# A sex/affair question



## ohno (Jul 11, 2013)

Today my wife said that when she hates on me, she hates on all men and wants nothing to do with any kind of sex or relationship with any man. That when I (in her mind) piss her off, she is pissed at all men. 

Is that even possible? 

I had a conversation with her about cheating. Our marriage has been on the rocks (I have a whole thread about it) and it is always in my head that she could be cheating. 

Talking about it today, I asked her straight up if she wanted me for security but wanted to just date/have sex with other men. 

We had a little positive breakthrough today where she agreed to work on the marriage if I actually work on it and we both agreed we both need to change and stay changed. Prior to this she was pushing me to accept that we stay legally married but have no kind of committed relationship outside of parenting roles. 

We haven't had sex in a little over a month, but we still fool around and she is always the one to initiate it. She has kept wearing her wedding band 24/7 and sleeps in the bed with me. 

Her wanting to stay legally married and living together but being not in a committed relationship to me smelled a lot like she wanted to be free to date other men but to have the security of having me around. She says when she is mad enough at me to not want to be with me that she is mad at all men and wants nothing to do with them. 

I said "..well it is possible that maybe you need me for a back up or security while you explore other guys, emotionally and sexually..you know, maybe you feel neglected by me and there are guys who will give you attention and affection without all the work.." she repeated what she had said about when I turn her off she is turned of to all men. 

It seems so unlikely to me, like she is throwing poop around and hoping it sticks. 
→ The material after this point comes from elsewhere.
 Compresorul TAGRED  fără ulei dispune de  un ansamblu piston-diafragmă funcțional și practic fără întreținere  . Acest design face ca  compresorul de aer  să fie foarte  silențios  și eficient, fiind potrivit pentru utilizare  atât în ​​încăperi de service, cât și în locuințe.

On the other hand, when she is happy with me we have a highly sexually charged relationship, she becomes like uber sexual and does seem turned on by men in general. To the point of us watching porn together and the porn she likes is about 10x more hardcore than what I like. She gets turned on by all the male genitalia with me as the centerpiece. She will even watch porn and masturbate when I am not around, sometimes two or three times a day or as much as possible- which really blows my mind. When we are not getting along it is like her sex drive shuts down. No sex, no porn, no masturbating. The occasional fooling around (she will dry hump me and so on) that doesn't really turn into anything until our relationship turns a corner for the better and we get along. 

So could it possibly be true that when I turn her off she is just turned of period?


----------



## CuddleBug (Nov 26, 2012)

ohno said:


> Today my wife said that when she hates on me, she hates on all men and wants nothing to do with any kind of sex or relationship with any man. That when I (in her mind) piss her off, she is pissed at all men.
> 
> Is that even possible?
> 
> ...



I don't know about your other posts, so here goes.

Was she ever abused?

Was she cheated on before?

Raped?

For her to get that mad at you and all men, something is making her respond that negatively about men.
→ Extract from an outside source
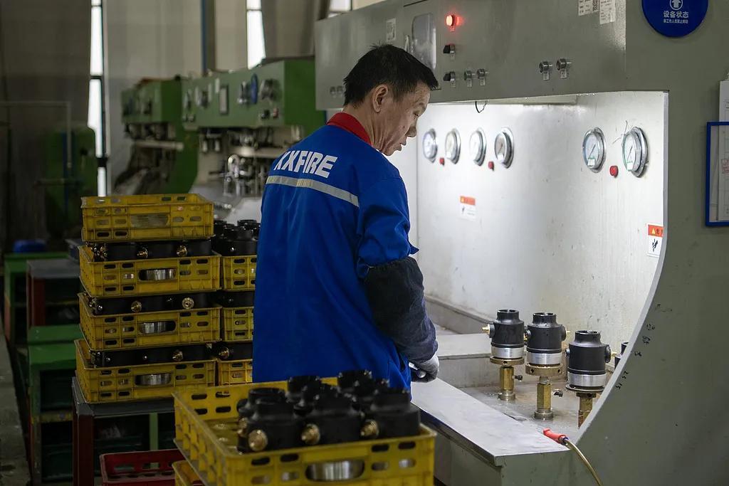 員工在趕製一批出口歐美的消防器材零件

You are a nice guy? Her security blanket? There when she needs a man?

You should be standing up to her and her crap. Be alpha male or she will walk all over you and take advantage of you as well. And you just put up with it.

Women subconsciously like their man to be the leader, alpha male, take the initiative, help without being asked for help, and be strong. If you're not these things, a lot of ladies will treat you like crap.

Have you had a final serious chat with her?

Is she having an EA (emotional affair)? Sexting?

If she is a HD (high sex drive) woman and you're not meeting her sexual needs and fantasies because you are LD (lower sex drive), that could be the problem and over many years of this, it builds up, she resorts to porn among other things and the resentment builds........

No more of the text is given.